2 Ethnic diversity and IMF conditionality implementation and compliance

The literature on the implementation of, and compliance with, IMF conditions centers around domestic (IMF program country) political and institutional determinants and international level determinants. International-level components include the ability of the IMF to directly sanction for non-compliance via the withholding of funds or the imposition of audience or reputational costs (Fang and Owe(Fang and Owen 2011); Rickard & Caraway,2019) which may affect program countries’ ability to access international capital markets or attract or retain foreign direct investment (FDI) (Biglaiser & DeRouen, 2010; Edwards, 2005; Vadlamannati, 2020). However, empirical work has found that the IMF only selectively sanctions non-compliance or restricts future access to funds (Ivanova et al., 2003), perhaps due to the often-geo-strategic nature of considerations inherent in IMF lending decisions (Fang and Owen(Fang and Owen 2011)).

Domestically, scholars have focused on both the politics and institutions of program countries to understand the determinants of compliance. Popular explanations have focused on the strength and cohesion of government and the ability to curb special interests as vital to successfully implementing conditions (Ivanova et al., 2003; Joyce, 2006). Beazer and Woo (2016) find that implementation hinges on the ideology of the government in power. Perhaps somewhat counter-intuitively, they find that IMF programs are more likely to be implemented by left-wing governments as they face less resistance in implementing market reforms from their right-wing opposition. This finding squares with those of Nsouli et al. (2005) who find that political and social opposition are significant reasons for non-compliance. Implementation capacity also matters, and the odds of compliance are higher when the implementation costs are low (Vadlamannati et al., 2018).

We build on the work focusing on domestic factors by considering how the degree of societal homogeneity can help build political support that allows governments to implement the often difficult and costly conditionality associated with IMF programs.

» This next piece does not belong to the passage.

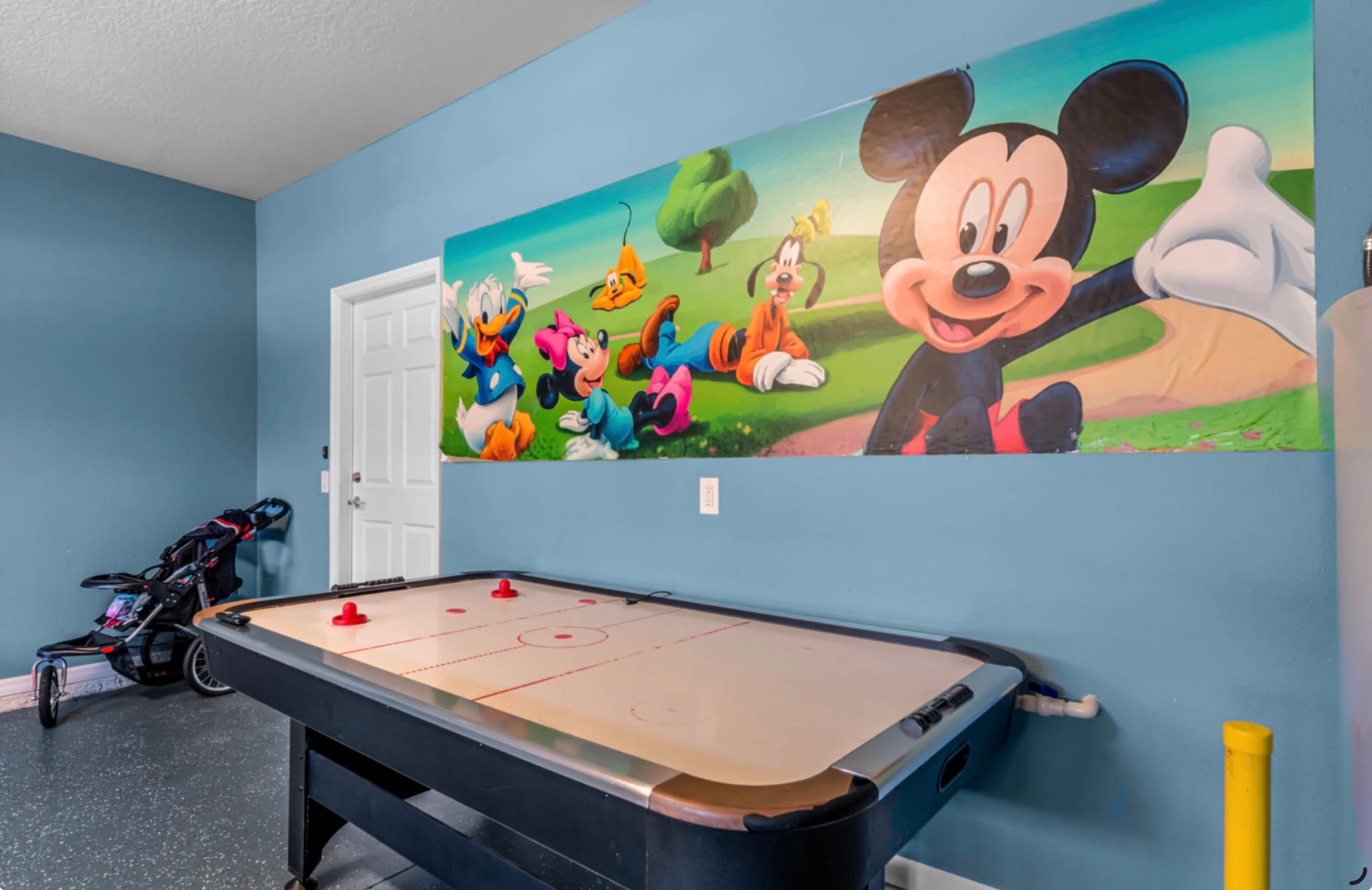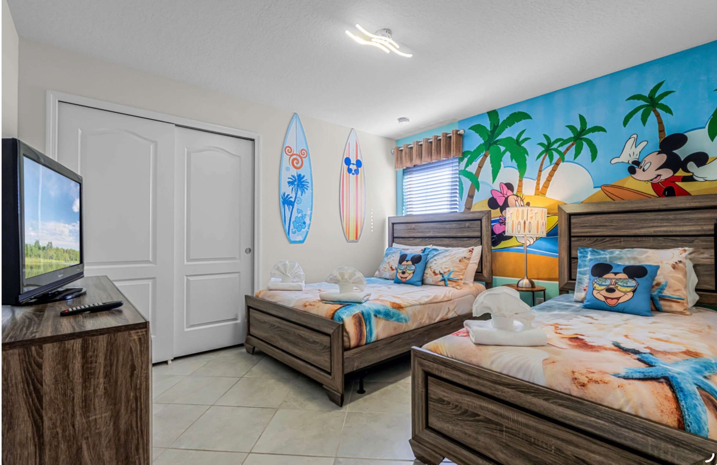 Bedroom #5 is Mickey themed and includes a twin size bed, a full size bed, and a smart TV also equipped with cable.
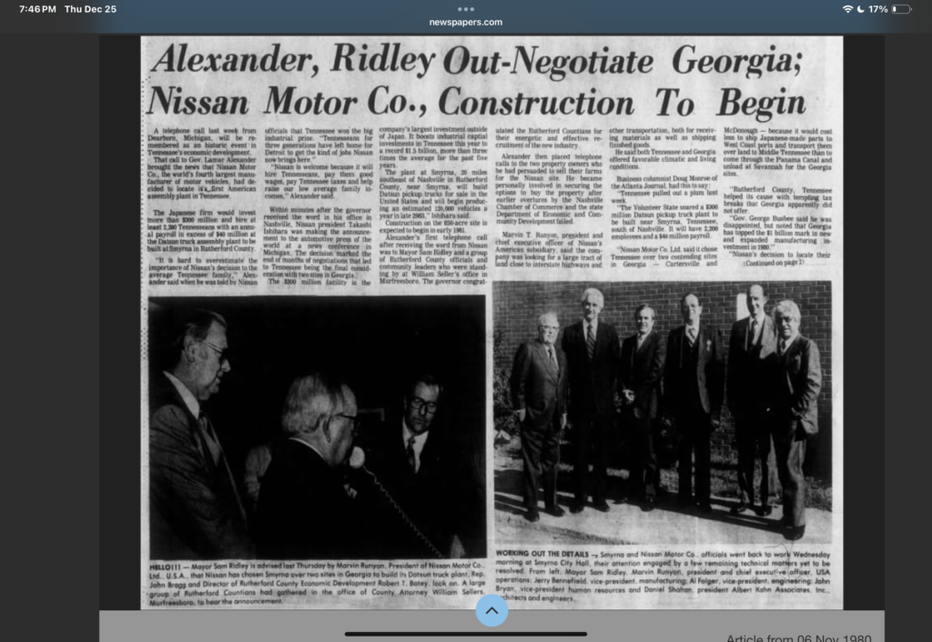 Yet the beginning wasn’t smooth. The groundbreaking for Nissan’s Smyrna plant in 1981 was meant to signal economic progress but instead highlighted deep labor tensions. Union supporters jeered Gov. Lamar Alexander as he was escorted by state troopers through a crowd of about 1,000 protesters who shouted insults at Nissan executives planning a $300 million investment and 2,000 jobs at the company’s first U.S. plant. Alexander later said he was shocked by the crowd’s rudeness. The protest, reported by Kentucky’s Daily News on February 4, 1981, stemmed from Nissan’s use of a South Carolina contractor employing some non-union labor, underscoring the clash between traditional labor disputes and the realities of global manufacturing.

Our argument incorporates a sociotropic logic that has been applied in other settings, including the US (Kinder & Kiewiet, 1981), the former Soviet Union (Duch, 1993), and Mexico (Kaufman & Zuckermann, 1998), when trying to understand how governments are able to undertake costly reforms. The arguments in these works hold that an individual’s opinions about the necessity or desirability of economic reforms are shaped by if the reforms will be good for the society as a whole.Footnote 1 More directly, Edwards (2009) finds that sociotropic considerations influence support for international economic organizations (IEOs), including the IMF (and to a greater degree than individual considerations). Specifically, Edwards (2009) finds this support is pro-cyclical, such that sociotropic support for IEOs is strongest when economic conditions are favorable and weakest when they are poor. Importantly, this pro-cyclicality suggests that it is prospective sociotropic evaluations (of IEO programs) that may matter for political support for those programs.

We argue that governments in countries with a high degree of ethnic homogeneity will be better able to build political support based on a sociotropic rationale for costly reforms compared to a society that has higher ethnic fractionalization. We assume that this support will stem from three collective recognitions. First, in ethnically homogenous societies, it is more difficult to scapegoat the profligate debt or spending that may have led the country to seek IMF assistance on an “other.” As discussed by Glynos and Voutyras (2016, p. 211), this blaming of an “other” is a form of Nietzschean ressentiment wherein an individual “renders specific groups other than ourselves responsible for loss and its consequences.” Empirically, a raft of studies has found evidence of blame-shifting of economic problems onto “others”, where the “other” is based on ethnic outgroup (Bukowski et al., 2017; Butz & Yogeeswaran, 2011), political opposition group (Marsh & Tilley, 2010; Traber et al(Vadlamannati et al. 2018)), or class-cleavage (De Wilde et al.,2019). However, homogenous societies have fewer of both ethnic and political “others” as they tend to have less political party fragmentation (Moser et al(Moser 2011)). Homogenous groups are also more likely to have higher levels of income equality, diminishing the opportunity for “othering” based on class cleavages (Sturm & De Haan,2015). Accordingly, there are fewer salient targets to assign blame for poor macroeconomic management. As a result, individuals may be more likely to accept collective responsibility for the macro-economic state of the country. If the benefits from the earlier debt profligacy were widespread then individuals may be even more willing to ascribe societal ownership of the debt and understand that the burden of reforms from IMF conditionality are theirs to bear.Footnote 2

This collective sense of ownership of a country’s macroeconomic position may then lend political support to the collective obligation to meet the conditions required by IMF country programs. Indeed, official narratives of austerity involve politicians calling upon citizens to “stick together” in addressing the demands of budgetary adjustment (Titley, 2013).Footnote 3 It is easier to mobilize collective acceptance of, and resilience to, economic adjustments and reforms when citizens are able to internalize “the mantra that ‘we’re all in this together’ ” (Dagdeviren et al., 2016, p. 15). This mantra is likely to be an easier sell in ethnically homogenous societies. Accordingly, individuals in these states may be more amenable to the collective burden sharing that IMF conditionality imposes. Individuals may be less likely to believe that certain groups will be able to “escape” the pain of IMF conditionality simply because those other groups do not exist.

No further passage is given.